__Problem to solve__:
Would you retype the whole listing exactly, leaving its pictures out?

START Excerpted data

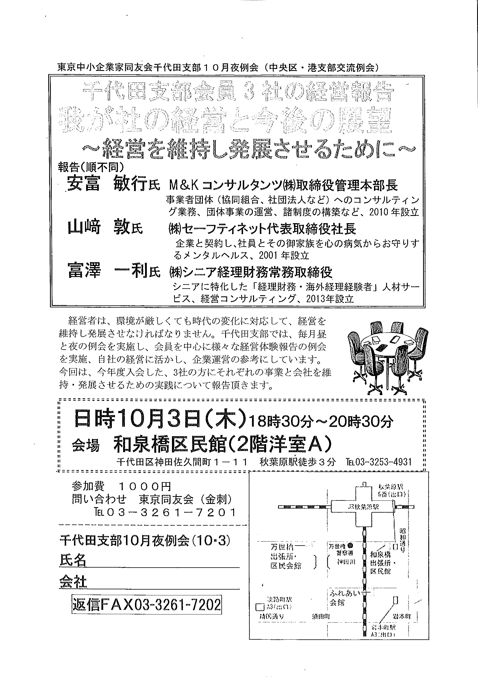 「10/3日に昼夜に渡ってシニア経理財務をPRします」 2013年9月26日2017年7月21日 ブログ 「10/3日に昼夜に渡ってシニア経理財務をPRします」 ・昼12:00~同友会中央区支部情報交換会に参加して3分間スピーチをやります。 ・夜18:30~同友会千代田支部で「我が社の経営と今後の展望」というテーマで 30分間のスピーチをやります。 ◎1社でも多く、シニア経理財務を知って頂く為のPRです。
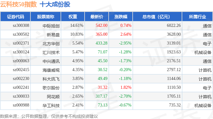 近10日内云科技50(399279)指数成份股做了调整,新纳入了2只股票,剔除了2只股票。
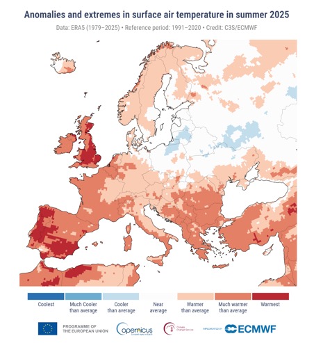 Na tej mapie wyraźnie widać, że większość obszarów Europy była cieplejsza niż zwykle, a regiony chłodniejsze od normy są nieliczne i zajmują znacznie mniejszą powierzchnię. To pokazuje, że lato 2025 w skali kontynentu było znacznie cieplejsze niż średnie temperatury w okresie 1991–2020.
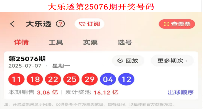 回顾上一期大乐透第2025076期开奖号码奖号码
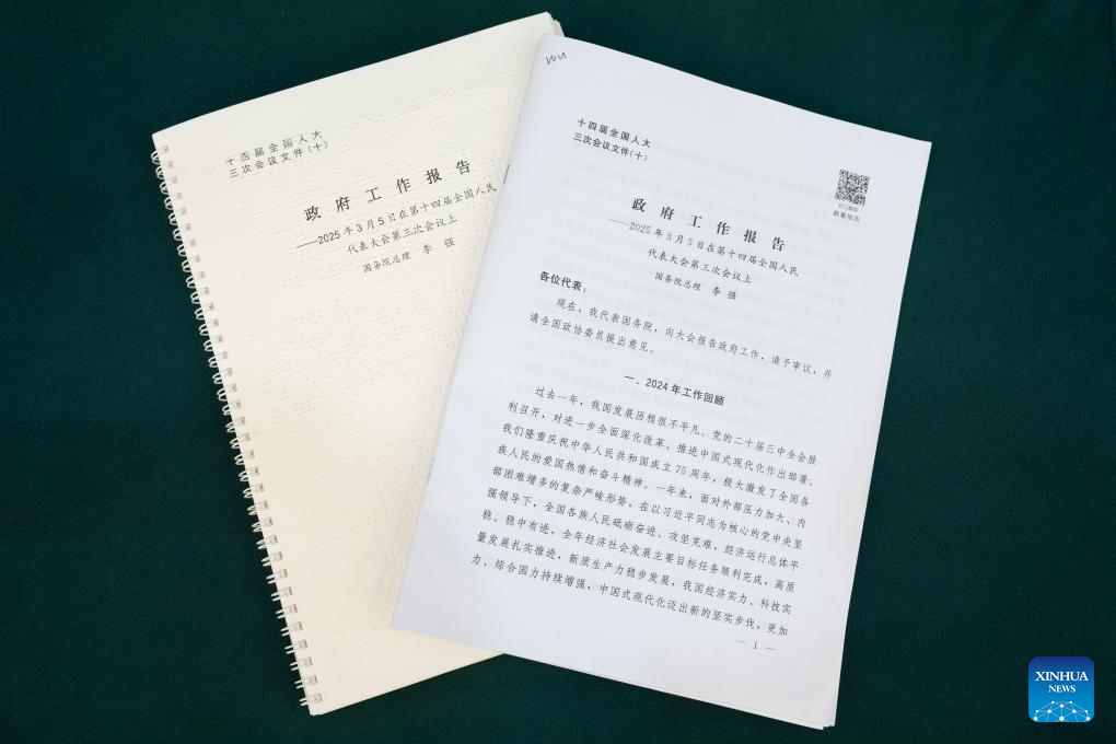 This photo shows the government work report in both Braille (L) and text at a meeting attended by national political advisors from the sector of welfare and social security at the third session of the 14th National Committee of the Chinese People's Political Consultative Conference (CPPCC) in Beijing, capital of China, March 5, 2025. During this year's two sessions, a Braille version of the government work report was provided for the first time to members of the CPPCC National Committee with visual impairments. The special document highlights China's care and support for people with disabilities. (Xinhua/Cai Yang)
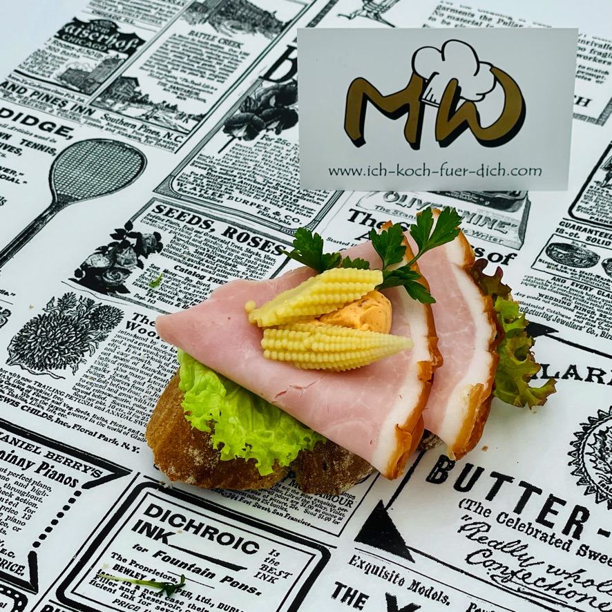 Vollkornbaguette mit Backofenschinken, Salat, Liptauer und Sauergemüse

END Excerpted data

__Solution__:
 「10/3日に昼夜に渡ってシニア経理財務をPRします」 2013年9月26日2017年7月21日 ブログ 「10/3日に昼夜に渡ってシニア経理財務をPRします」 ・昼12:00~同友会中央区支部情報交換会に参加して3分間スピーチをやります。 ・夜18:30~同友会千代田支部で「我が社の経営と今後の展望」というテーマで 30分間のスピーチをやります。 ◎1社でも多く、シニア経理財務を知って頂く為のPRです。
 近10日内云科技50(399279)指数成份股做了调整,新纳入了2只股票,剔除了2只股票。
 Na tej mapie wyraźnie widać, że większość obszarów Europy była cieplejsza niż zwykle, a regiony chłodniejsze od normy są nieliczne i zajmują znacznie mniejszą powierzchnię. To pokazuje, że lato 2025 w skali kontynentu było znacznie cieplejsze niż średnie temperatury w okresie 1991–2020.
 回顾上一期大乐透第2025076期开奖号码奖号码
 This photo shows the government work report in both Braille (L) and text at a meeting attended by national political advisors from the sector of welfare and social security at the third session of the 14th National Committee of the Chinese People's Political Consultative Conference (CPPCC) in Beijing, capital of China, March 5, 2025. During this year's two sessions, a Braille version of the government work report was provided for the first time to members of the CPPCC National Committee with visual impairments. The special document highlights China's care and support for people with disabilities. (Xinhua/Cai Yang)
 Vollkornbaguette mit Backofenschinken, Salat, Liptauer und Sauergemüse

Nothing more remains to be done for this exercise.